EXERCISE INPUTS:
------------------------------------------------
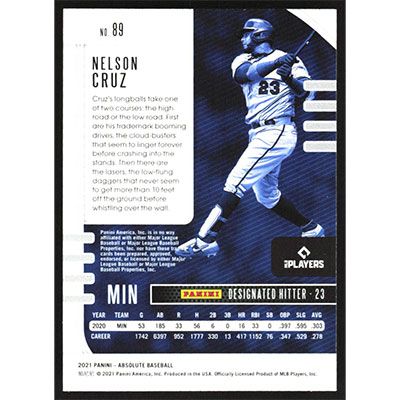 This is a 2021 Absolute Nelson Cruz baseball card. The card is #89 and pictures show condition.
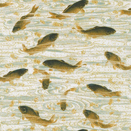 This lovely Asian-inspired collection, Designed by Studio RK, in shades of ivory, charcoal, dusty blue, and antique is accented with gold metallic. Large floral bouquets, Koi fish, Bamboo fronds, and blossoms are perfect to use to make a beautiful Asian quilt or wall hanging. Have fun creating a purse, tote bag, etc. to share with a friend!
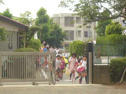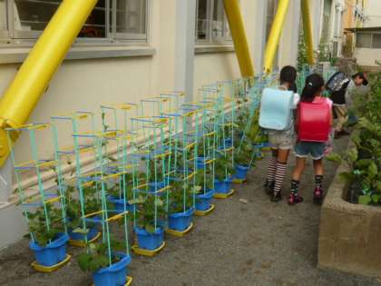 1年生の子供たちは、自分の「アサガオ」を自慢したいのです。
------------------------------------------------
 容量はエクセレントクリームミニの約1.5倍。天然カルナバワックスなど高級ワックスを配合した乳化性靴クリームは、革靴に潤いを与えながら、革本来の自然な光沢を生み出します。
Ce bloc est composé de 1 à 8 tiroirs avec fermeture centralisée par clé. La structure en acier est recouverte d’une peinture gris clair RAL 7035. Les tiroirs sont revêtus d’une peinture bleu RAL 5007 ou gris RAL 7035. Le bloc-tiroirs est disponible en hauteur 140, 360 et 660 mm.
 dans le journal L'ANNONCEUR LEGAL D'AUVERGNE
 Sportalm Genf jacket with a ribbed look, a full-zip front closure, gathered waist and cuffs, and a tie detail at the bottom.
------------------------------------------------
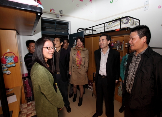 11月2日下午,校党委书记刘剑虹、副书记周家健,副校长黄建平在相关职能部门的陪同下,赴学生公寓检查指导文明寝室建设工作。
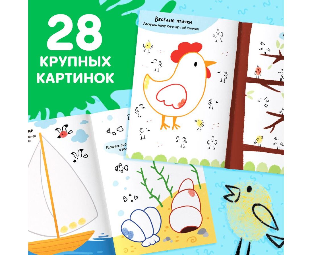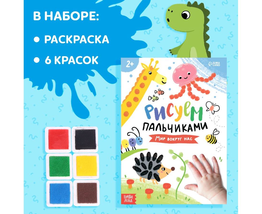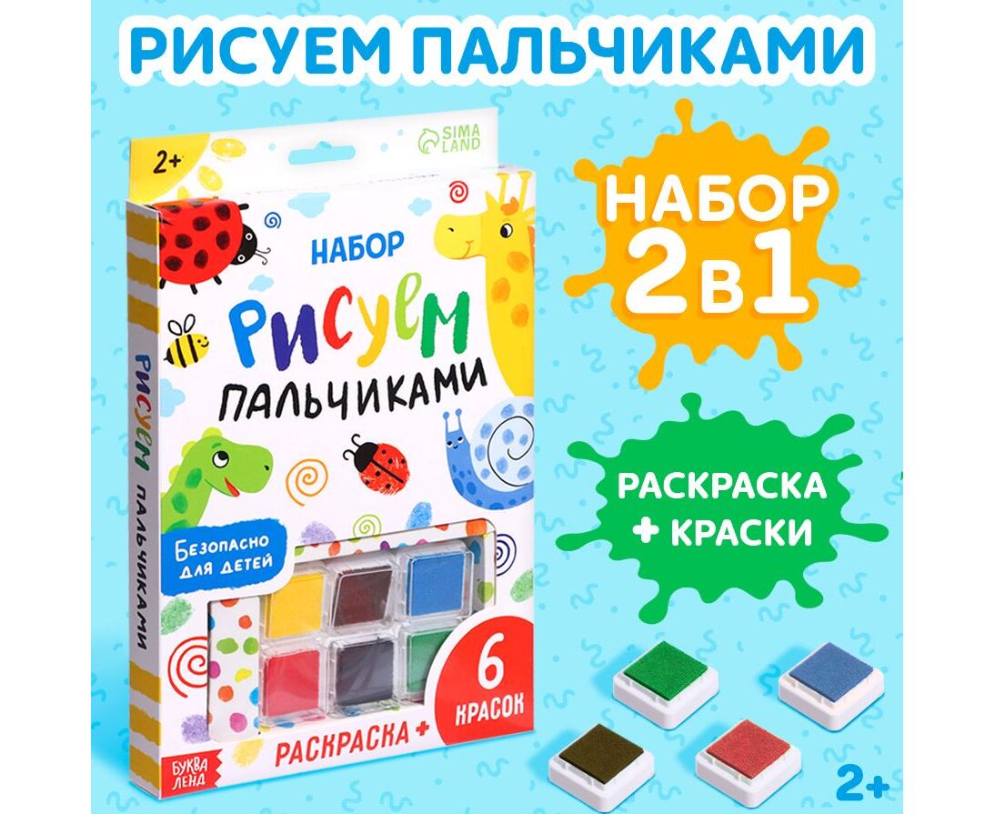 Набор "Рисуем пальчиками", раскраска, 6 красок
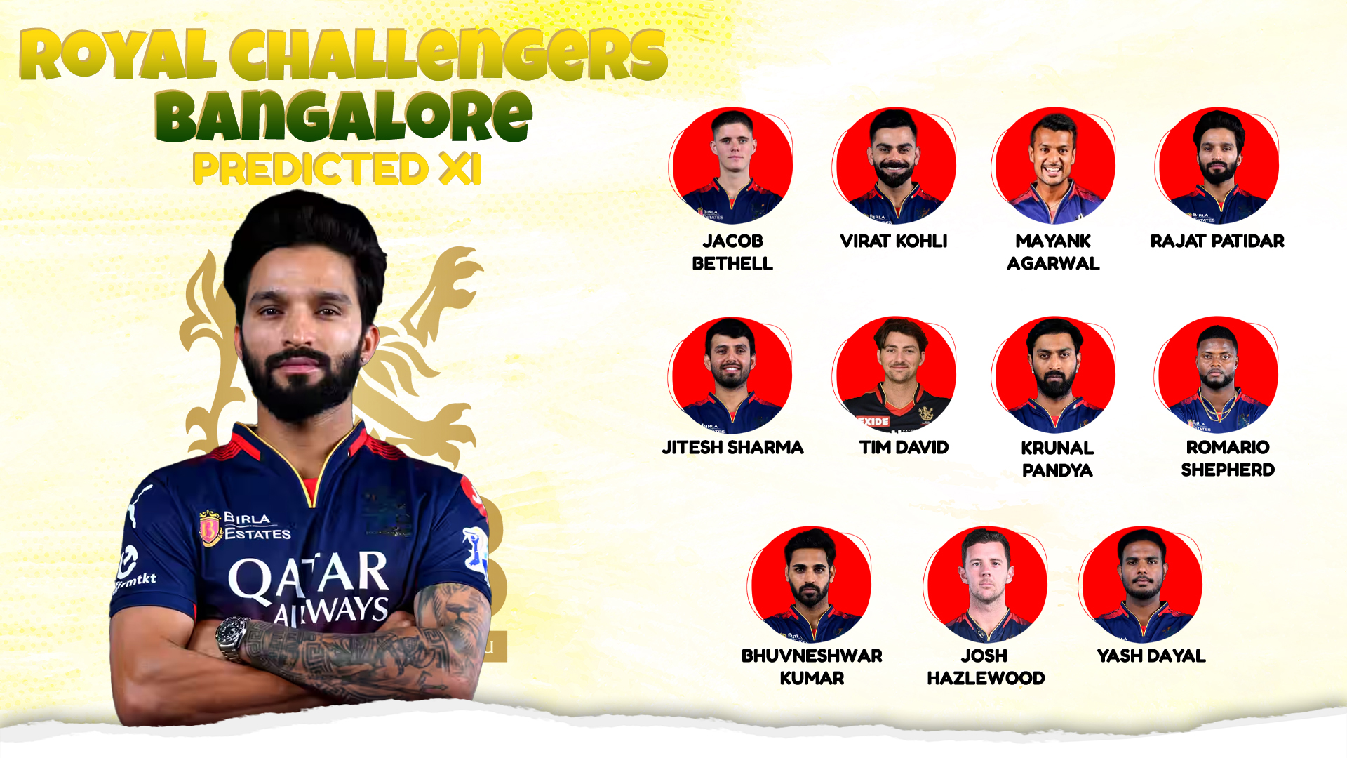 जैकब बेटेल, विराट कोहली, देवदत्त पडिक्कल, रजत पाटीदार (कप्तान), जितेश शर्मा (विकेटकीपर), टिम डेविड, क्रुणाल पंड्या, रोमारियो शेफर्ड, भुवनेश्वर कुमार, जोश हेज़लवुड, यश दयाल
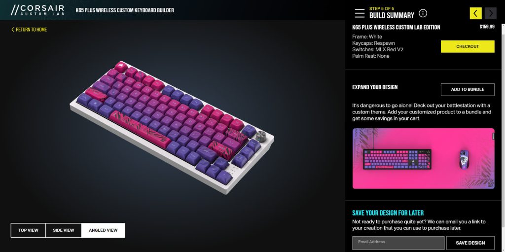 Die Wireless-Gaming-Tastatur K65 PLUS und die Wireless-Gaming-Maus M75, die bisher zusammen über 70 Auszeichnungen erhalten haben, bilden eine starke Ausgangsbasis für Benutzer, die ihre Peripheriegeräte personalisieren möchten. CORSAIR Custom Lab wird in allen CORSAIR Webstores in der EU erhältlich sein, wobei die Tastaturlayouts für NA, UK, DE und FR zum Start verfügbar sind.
------------------------------------------------
TO DO:
Output only the lines above from the line that holds "This is a 2021" through the line that holds "1年生の子供たちは、自分の「アサガオ」を自慢したいのです。", both ends included, and exclude pictures.

TASK OUTPUT:
 This is a 2021 Absolute Nelson Cruz baseball card. The card is #89 and pictures show condition.
 This lovely Asian-inspired collection, Designed by Studio RK, in shades of ivory, charcoal, dusty blue, and antique is accented with gold metallic. Large floral bouquets, Koi fish, Bamboo fronds, and blossoms are perfect to use to make a beautiful Asian quilt or wall hanging. Have fun creating a purse, tote bag, etc. to share with a friend!
 1年生の子供たちは、自分の「アサガオ」を自慢したいのです。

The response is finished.